I didn't want to die.

I don't know what it was, whether a divine light suddenly shone upon me for a fleeting moment, showed me a glimpse of some bright future at the end of the tunnel, or if the cold wind just slapped me sober--all I know is, I didn't want to jump.

Even in my drunkenness, I distinctly remember, a part of me wanted to live.

No, said a voice in my head. Don't do it. Don't don't don't don't don't--

I won't, I told her.

I steadied myself, arms wrapped around the railings. The cold metal stung my skin. Far below, the river roared away, dark and depthless in the night.

My phone rang, cutting sharply through the silence. It was mom. I can still remember her voice.
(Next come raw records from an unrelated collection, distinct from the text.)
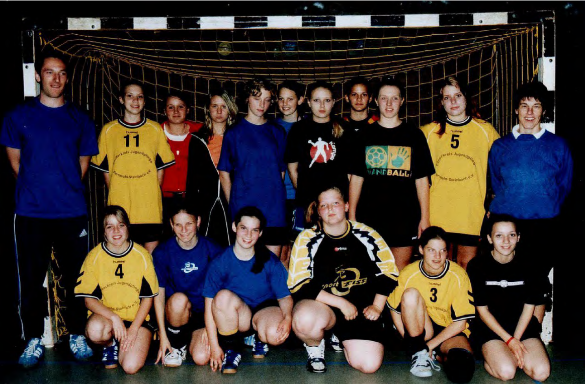
20 Jahre HSG Fernwald Teil 1 ◀ Oben präsentiert sich die weibliche C-Jugend mit ihrem Betreuersteam im Gründungsjahr 2004. Unten wird das gemeinsame Logo vorgestellt, das in den letzten zwei Dekaden viele Shirts und Pullover in Steinbach und Annerod zieren durfte.
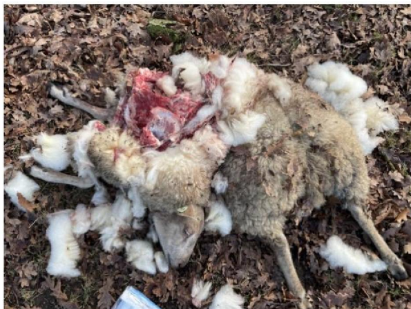
Vraatbeeld dood schaap 1
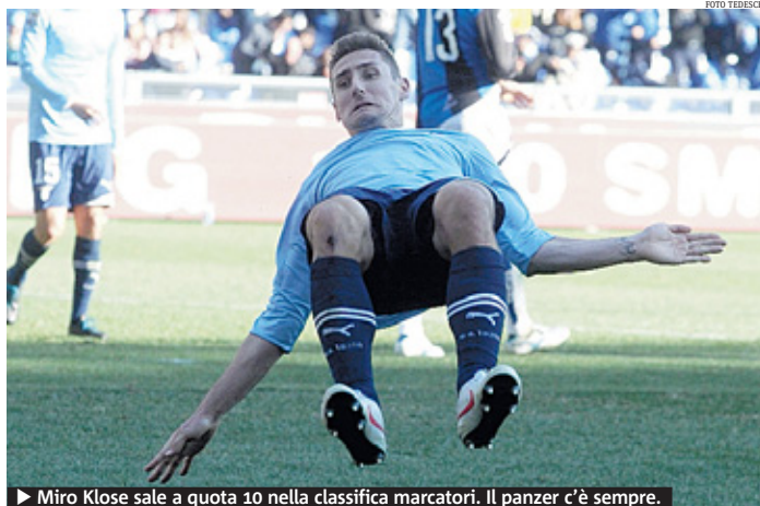
► Miro Klose sale a quota 10 nella classifica marcatori. Il panzer c'è sempre.

sta ha risposto stizzito: «L'anno scorso sono arrivato quarto e sono stato fischiato fino alla fine, è un'abitudine. Non vedo chi dovevo mettere in campo, chi dovevo schierare secondo lei che ha fatto la domanda?»
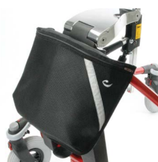
Oppbevaringsveske til str. 3+4
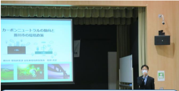
環境政策について 環境政策課再生エネルギー政策室長 睦田 真宏様 脱炭素社会の実現に向けて
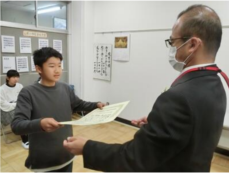
真岡市教育祭 表彰
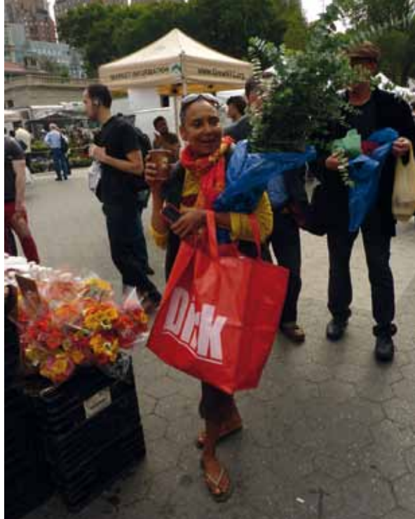
Surinaamse dame op boerenmarkt, Union Square, New York City

Een van de problemen is de betaalbaarheid van de lokaal geproduceerde producten. 89 Er zijn drie groepen te onderscheiden: de reeds overtuigden , die zich duurder voedsel ook kunnen veroorloven; degenen die nog overtuigd moeten worden en de mensen die het zich niet kunnen veroorloven om op bio- en boerenmarkten inkopen te doen. In de VS is voor die laatste categorie een systeem bedacht waardoor mensen die de zogenaamde foodstamps gebruiken het recht hebben om op boerenmarkten extra voordelig in te kopen. 90 Het zou te overwegen zijn om via een vergelijkbare regeling – bijvoorbeeld via de Rotterdampas - de Rotterdamse bio- en boerenmarkten voor uitkeringsgerechtigden en andere minder kapitaalkrachtige Rotterdammers toegankelijker te maken. De belangrijkste reden om geen duurzaam geproduceerd voedsel te kopen is vaak de prijs, zo blijkt uit onderzoek. 91
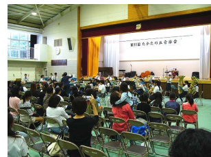
高田中学校吹奏楽部
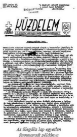
Az illgaldás lap egyetlen fennmaradt példánya

Készítések, célok, remények Mind a két szervezkedés indításként fontos szerepet játszottak a családi, rokonsági kapcsolatok, a közös keresztesélet élményei. Hasonlóan fontos volt az iskolai múlt, tanúlással-tanítással, kirándulásokkal; a tanárok egyéniségek és megnyilvánulási. A III. Bélába járók esetében a vizületip élet romantikája, a közös sportolás, balok, az első szerelmek emléke. A bizalmas beszélgetések: életről, jövőről, a ma utódoosorban a politikáról, a háborús készületéről. A fegyveres küzdelem remélt következményeiről: a revízió mértékéről, a keresztényszocialis elvek

"Yeah, I'm doing great," I said, trying not to get my words slurred togther. "Hey, can I call you back later? I'm out with some friends." It certainly sounded better than telling her I'm piss drunk and thinking of throwing myself off a bridge.

"Sure, honey," she said.

Then a pause before hanging up. "Reagan?"

"Yes, mom?"

"I love you. Stay safe."

I struggled to manoeuvre myself over the rails, suddenly eager for the feeling of solid earth under my feet. My arms and legs were like lead, my head spinning. This was a bad idea. But when I stumbled out of that bar, it didn't seem like it. I wandered and wandered, until I didn't know where I was. I didn't think it could get any worse.

Until it did.

A pair of headlights blinded me while I was still perched on the rails, trying to get to safe ground once again. A car blared past, horn blasting in my ears. Somewhere I heard a familiar voice, screaming. My hand slipped.

I watched the stars all the way down.

Then, a rushing of cold water, tossing me around.

Then, nothing.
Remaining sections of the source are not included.